For a long time, Apple and their flagship iPhone were on top of the world, keeping a stranglehold on the smartphone market with a quality product and numerous carriers happy to sell it. But iPhone sales have declined recently in the face of improved Android products. Earlier this year, Samsung’s Galaxy S4 surpassed the iPhone 5 as the most popular phone on the market, and according to a report published by Moffett Research on Thursday, the shrinking sales figures don’t just spell trouble for Apple, but for their network carriers as well.
In this case, Verizon Wireless is the phone network that has found itself in deep water. After the iPhone’s booming formative years, Verizon signed a hefty three-year contract with Apple that promised a total of $40 to $45 billion in sales of iPhones and other products. Since the contract terms began in 2011, Verizon has struggled to meet those numbers. Based on the first two years of the contract, Verizon is still holding $23.5 billion in leftover “purchase commitments”–a substantial figure that more than doubles their net iPhone sales from 2012. In other words, Verizon is facing a near-insurmountable deficit against their contract to Apple, and unless the smartphone market turns around dramatically and iPhones start flying off the shelves–something that could happen if Apple releases a new phone, but probably not to the level that Verizon needs it to–then the company could be forced to write a fat check when their contract expires at the end of the year.
Whether or not Apple will actually make Verizon pay up on their failed commitments–referred to technically as “contractual shortfalls”–remains to be seen. In their report detailing Verizon’s difficult position, the Moffett Research firm theorized that it would be a mistake for Apple to force Verizon to write a check. Verizon’s total shortfall on the iPhone contract will likely equate to somewhere between $12 and $14 billion. If Apple forces the company to pay back every cent, they will not only squander their relationship with Verizon, but also advertise very publicly the under-performing nature of their iPhone line. Such an event would send stockholders jumping ship and leave other phone carriers questioning just how many iPhone units they will be able to move in coming years. After all, when Verizon signed that contract, the iPhone seemed like one of the safest bets in the world. Now, the tables have turned and analysts are asking whether or not Apple’s device has reached its limit.

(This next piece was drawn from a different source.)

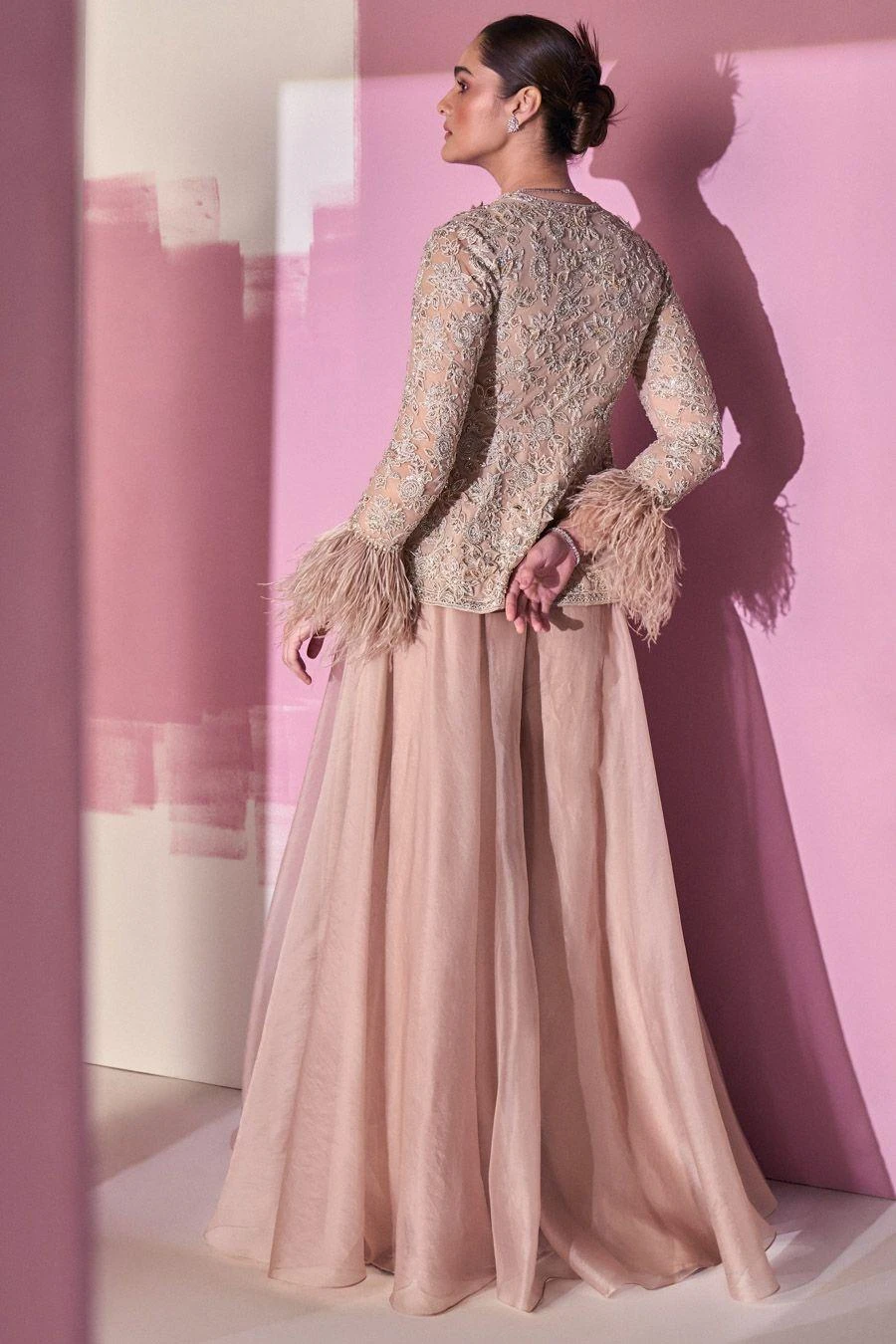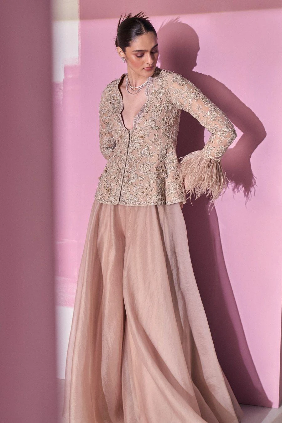 Indulge in luxury with this embroidered peplum featuring feathers on the cuff, paired with a flared organza sharara. The intricate embroidery and exquisite design make it a perfect choice for any special occasion.
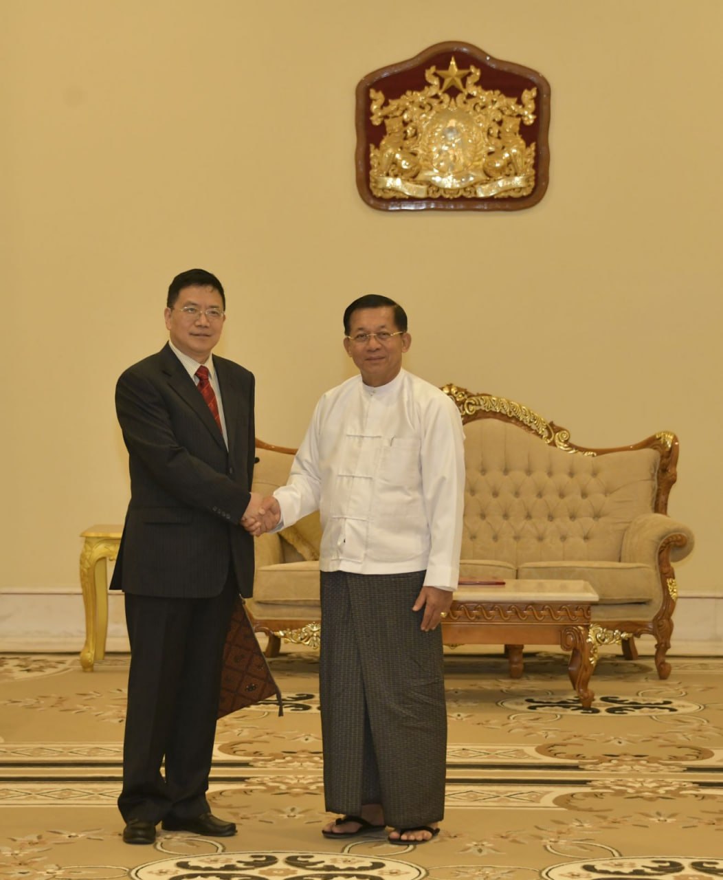 နိုင်ငံတော်စီမံအုပ်ချုပ်ရေးကောင်စီဥက္ကဋ္ဌ နိုင်ငံတော်ဝန်ကြီးချုပ် ဗိုလ်ချုပ်မှူးကြီး မင်းအောင်လှိင် တရုတ်နိုင်ငံခြားရေးဝန်ကြီးဌာန၊ အာရှရေးရာအထူးကိုယ်စားလှယ် H. E. Mr. Deng Xijun အား လက်ခံတွေ့ဆုံ

In terms of the other carriers, both Spring and AT&T are in better shape than Verizon, but contractual outlook isn’t entirely sunny for them, either. Moffett Research reports that AT&T had $3.8 billion in iDevice shortfalls at the end of 2012, while Sprint also signed an Apple contract in 2011, but only promised $15.5 billion in sales. In addition, Sprint’s contractual terms give them four years to reach the commitment number, and with $6.4 billion of the goal accomplished thus far, the company should be able to satisfy the contract provided that the smartphone market continues to grow and Apple continues to be a major player.